Galena junior high students headed to nation’s capital

The U.S. Capitol. Source: USA Today.

The U.S. Capitol. Source: USA Today.

The U.S. Capitol. Source: USA Today.
The U.S. Capitol. Source: USA Today.

By PAUL HUNTINGTON, special to the Hawk Highlights
Paul is one of the students involved in the Close-Up program.

Hugo Black said, “Loyalty must arise spontaneously from the hearts of people who love their country and respect their government.” The Close-up program aims to teach students respect for their government by giving them access to it.

Close-up sends students to Washington DC to see the museums, monuments and historical government buildings. This will be an opportunity for middle school and high school kids to have a unique educational experience. For example, these kids will get the see the White House where the president lives and Hall of Congress, containing our constitution. Instead of just seeing a picture in a textbook at school, Close-up allows you to actually see the heart of the United States government. Long ago, students from Galena attended this program and the IDEA home school program has continued to send a group each year, but very few SHS students have gone in the last 10 years.

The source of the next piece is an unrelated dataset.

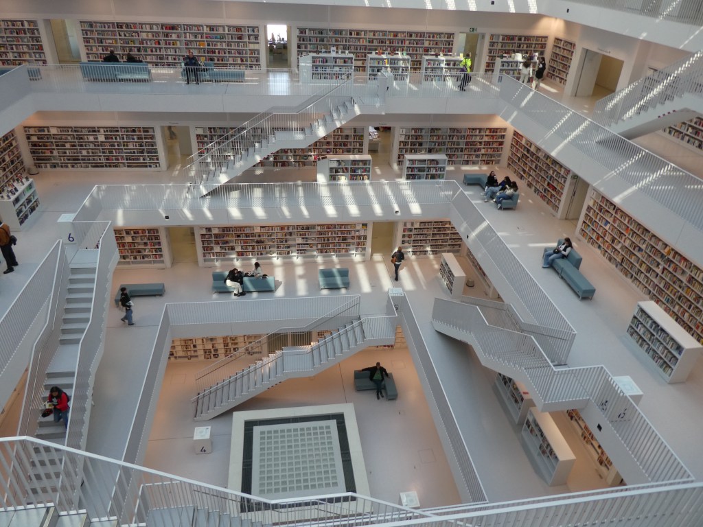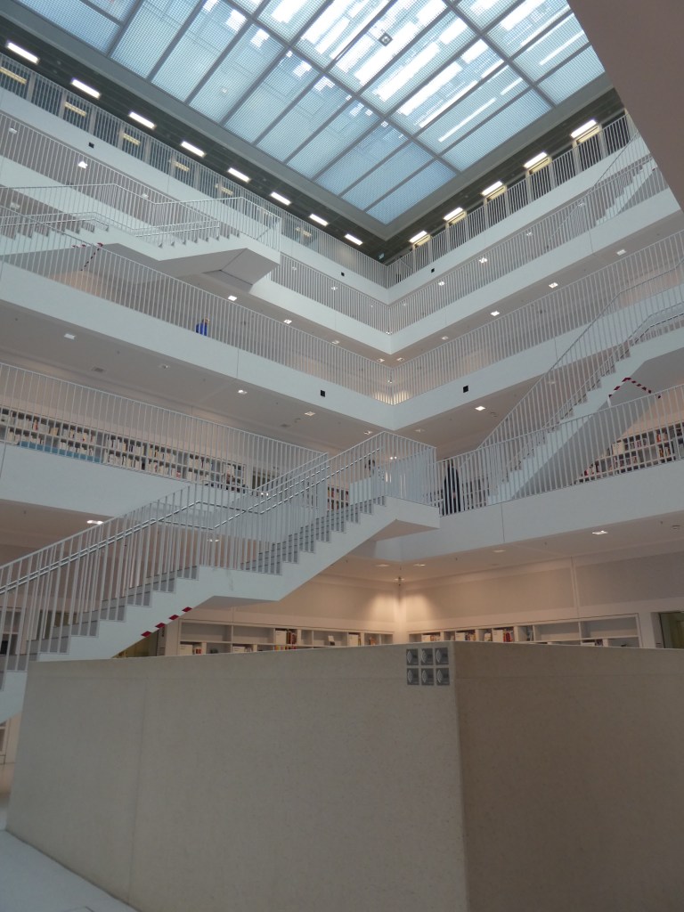 From Porsche, we set out to see the Stuttgart Central Library. Although this stop has been on my itinerary for months, as we traveled over, Ron peppered me with questions about why we were going there and what we were planning to see. For a congenial man, he sure does have a pointed way of expressing his displeasure!!

This is about to change. The SHS middle school classes are going to travel together to Washington DC the Close-up program on April 17th, 2016. It will be an expensive trip, requiring that the students gather donations and organize many fundraisers. However, it will be exciting and unifying to participate in a trip across the country together especially since about half of the students have yet been out of the state. Three students have been to Washington DC, but would like to go again, the share the memories with their friends. These students are all meeting after school to plan fundraisers and to study current events, politics and government in preparation for their trip.

Washington, D.C., is an iconic place where students can learn about being a citizen of this country. Learning about current events, such as wars and social problems, makes a person more responsible in their community and nation. This may encourage these students to become better leaders. These students might even grow up to be elected President – perhaps one of them will be the first Athabascan president of the United States of America.